TASK DIRECTIONS: Only one part of the listing is needed: the lines from the one with "Um relógio com" through the last line, copied exactly and free of pictures.

** Opening DATA PROVIDED block **

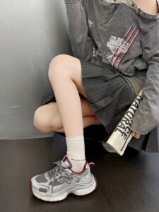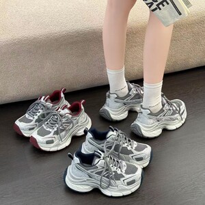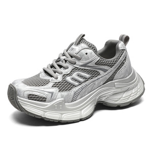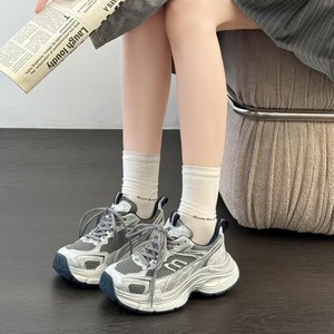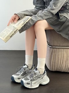2025新款厚底老爹鞋女款百搭拼色网面透气轻便运动显脚小银灰色
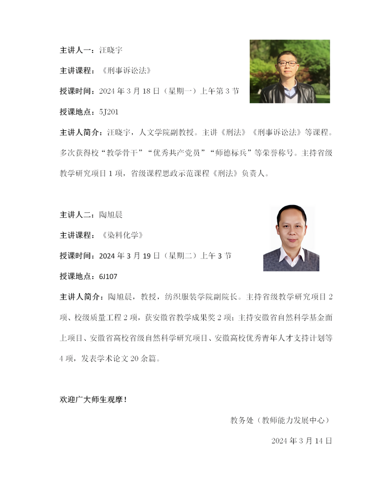 2023-2024学年第二学期【“金”彩一课系列活动】第二期预告(总第130讲)
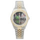 Um relógio com uma fotografia de pinos de boliche sendo derrubados por uma bola de boliche verde.
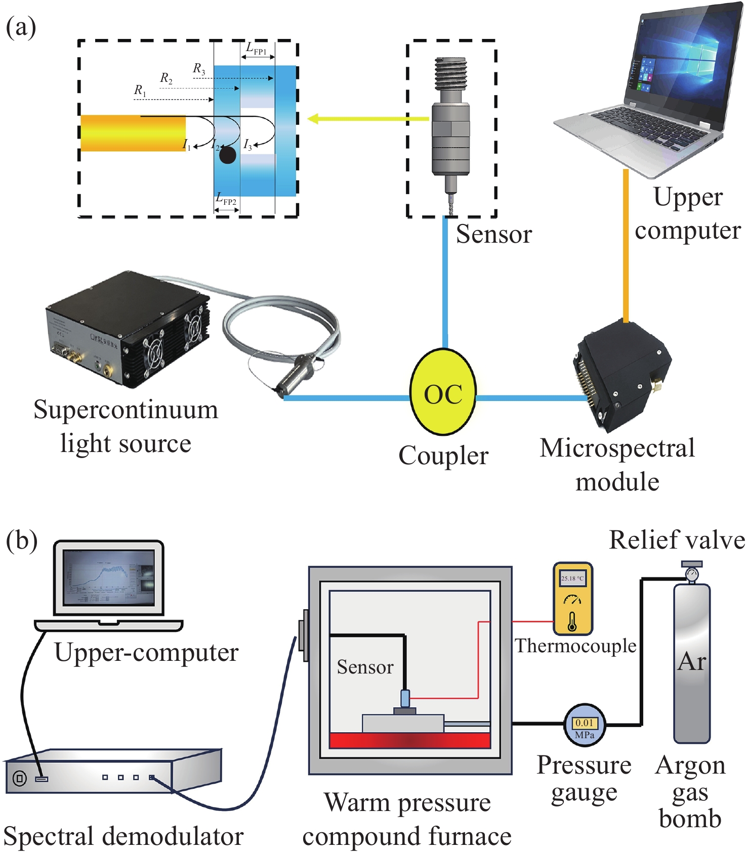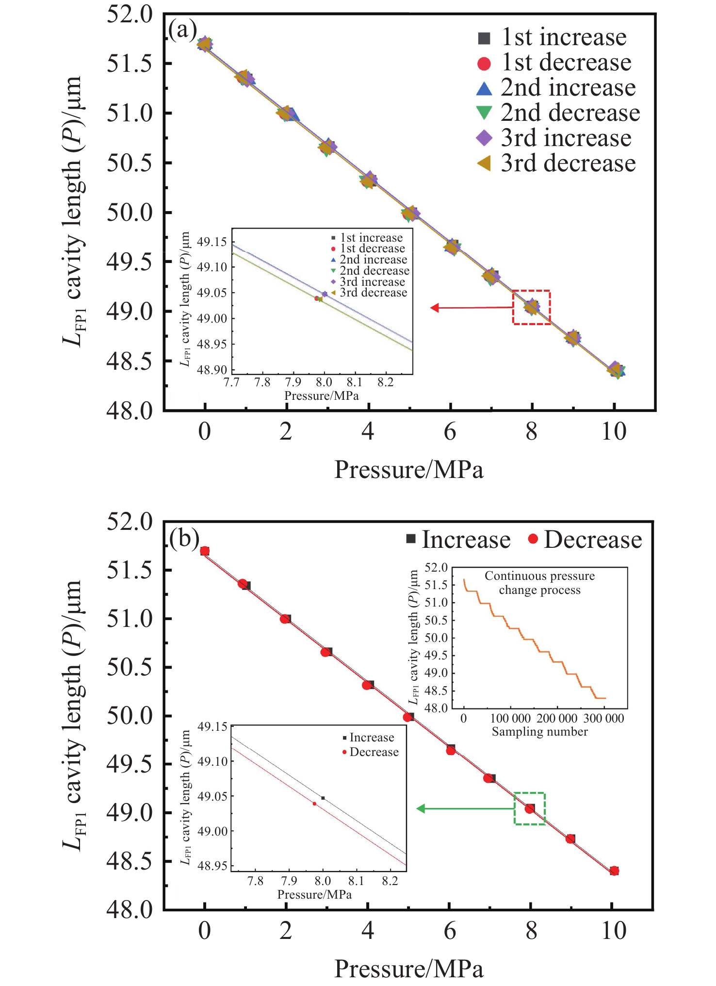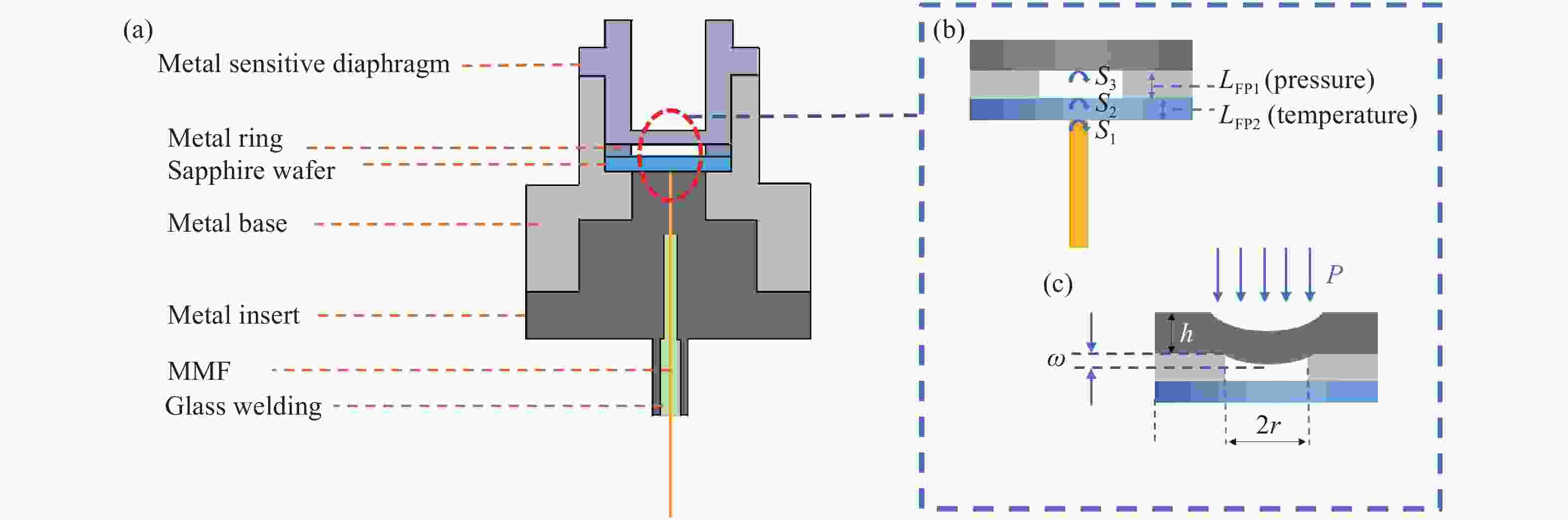 本文针对油气井、发动机燃油系统和航空液压系统等高温密闭环境下压力监测的技术难题,研发了一种具有温度补偿的金属膜片式光纤压力传感器。该传感器采用金属敏感膜片与蓝宝石晶片构成温度-压力双法珀(Fabry-Perot, FP)干涉腔结构,并结合互相关信号解调算法与温度解耦方法,有效降低温度串扰对压力测试的影响。实验结果表明,该传感器在常温和300 °C的压力测量中最大非线性误差分别为0.75% FS和0.99% FS。经过温度解耦后,压力测量精度可达1.7% FS。该传感器具有良好的静态压力响应、稳定性和可靠性,为高温压力监测场景提供了一种有效的解决方案。

** Closing DATA PROVIDED block **

ANSWER SPACE:
 Um relógio com uma fotografia de pinos de boliche sendo derrubados por uma bola de boliche verde.
 本文针对油气井、发动机燃油系统和航空液压系统等高温密闭环境下压力监测的技术难题,研发了一种具有温度补偿的金属膜片式光纤压力传感器。该传感器采用金属敏感膜片与蓝宝石晶片构成温度-压力双法珀(Fabry-Perot, FP)干涉腔结构,并结合互相关信号解调算法与温度解耦方法,有效降低温度串扰对压力测试的影响。实验结果表明,该传感器在常温和300 °C的压力测量中最大非线性误差分别为0.75% FS和0.99% FS。经过温度解耦后,压力测量精度可达1.7% FS。该传感器具有良好的静态压力响应、稳定性和可靠性,为高温压力监测场景提供了一种有效的解决方案。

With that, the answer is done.